Development, testing, QA, and training databases are essential for supporting business applications. Typically, organizations replicate full production databases for these environments. However, this approach can lead to challenges due to the large size of production databases, resulting in:

Longer testing runtimes
High disk space requirements
Complex management and backup processes

These issues can reduce efficiency and increase costs. Specifically:

Lengthy backup processes: Creating a backup can take considerable time and may not be readily available when needed.
Time-consuming restoration: Restoring a production copy to a testing environment can also be a lengthy process.
High infrastructure costs: The testing infrastructure must closely match the production environment to ensure similar performance characteristics, which can be expensive to maintain.

These challenges highlight the need for more efficient solutions in managing test data.

DATPROF Subset selects data from a full-sized production database, known as the Source database, and transfers it to a copy used for non-production purposes, referred to as the Target database. By applying filters during the transfer, the size of the Target database is reduced compared to the Source, resulting in faster testing and cost savings.

The core method DATPROF Subset uses to access data is through a central table in the Source database, called the Start table. Data from other tables is extracted based on Foreign Key relationships with the Start table, ensuring consistency across the Relational Integrity model.

This setup improves performance by reducing network traffic at the endpoints and provides a critical security benefit by keeping traffic confined to the network "spine."

A small example.

The example below shows three tables. There are 100 Customers, 1000 Orders and 10000 Order Lines in the Source database.

Every customer has 10 orders and every order has 10 related order_lines.

Only 10 customers have a name starting with ‘A’.

Source database containing all customers, orders and order lines

If the Customers table is the Start table and we only select Customers having a name starting with an ‘A’, this will result in a Target database with 10 Customers, 100 orders and a total of 1000 order_lines.

Target database with only customer names starting with 'A' and their related orders and order lines.

The result is a Target database that is 90% smaller than (or 10% of the size of) the Source database, retaining data consistency and referential integrity.

DATPROF Subset enables the user to save these filters and functions so that they can be deployed repeatedly. This way a controlled Subset process emerges.

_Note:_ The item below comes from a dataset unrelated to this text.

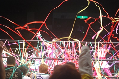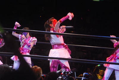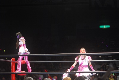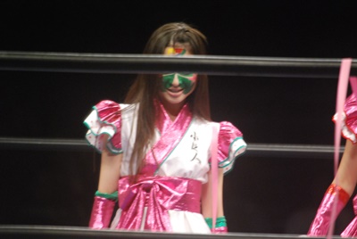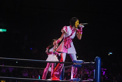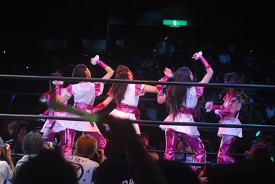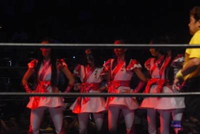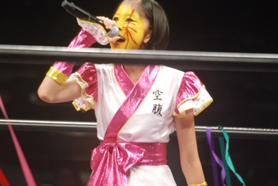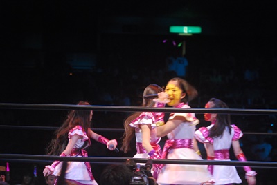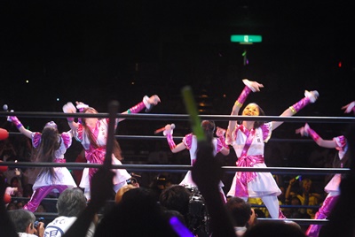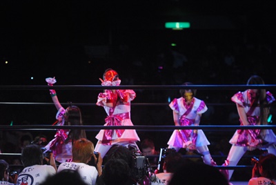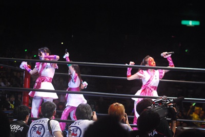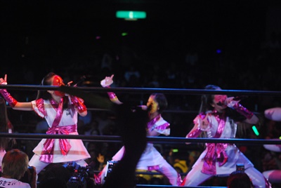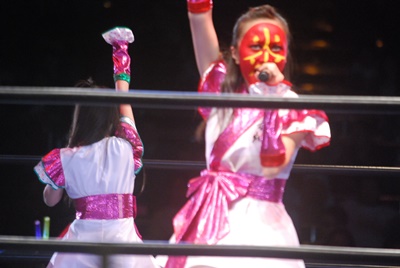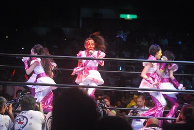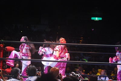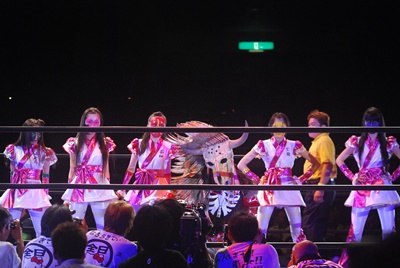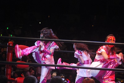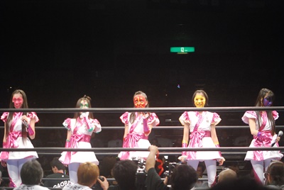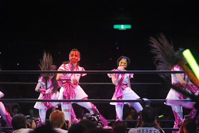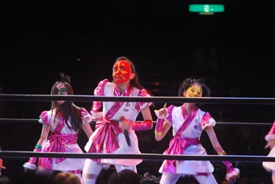 ムタ風の頭巾を着けてももいろクローバーZ、ではなくグレートクローバーZが花道を入場(右写真)。

After subsetting, the data in the Target database can be used for testing purposes, but can also be the base for anonymization using DATPROF Privacy.

Using DATPROF Subset

To create a Subset using DATPROF Subset for the first time, follow these steps:

Create a New Project and Template
Begin by setting up a new project and defining the template that will be used for the subset.
Set Up Connections to the Source and Target Databases
Establish connections to both the Source database (the full-size production database) and the Target database (the copy for testing or development).
Import the Data Model of the Source Database
Import the data model of the Source database into DATPROF Subset's metadata to map the structure and relationships between tables.
Develop and Configure the Project
Configure the project by defining filters, selecting tables, and setting any additional parameters or rules that determine which data will be included in the subset.
Deploy the Subset Project
Once the configuration is complete, deploy the Subset project to generate the reduced-size Target database, which will support testing, QA, or development needs.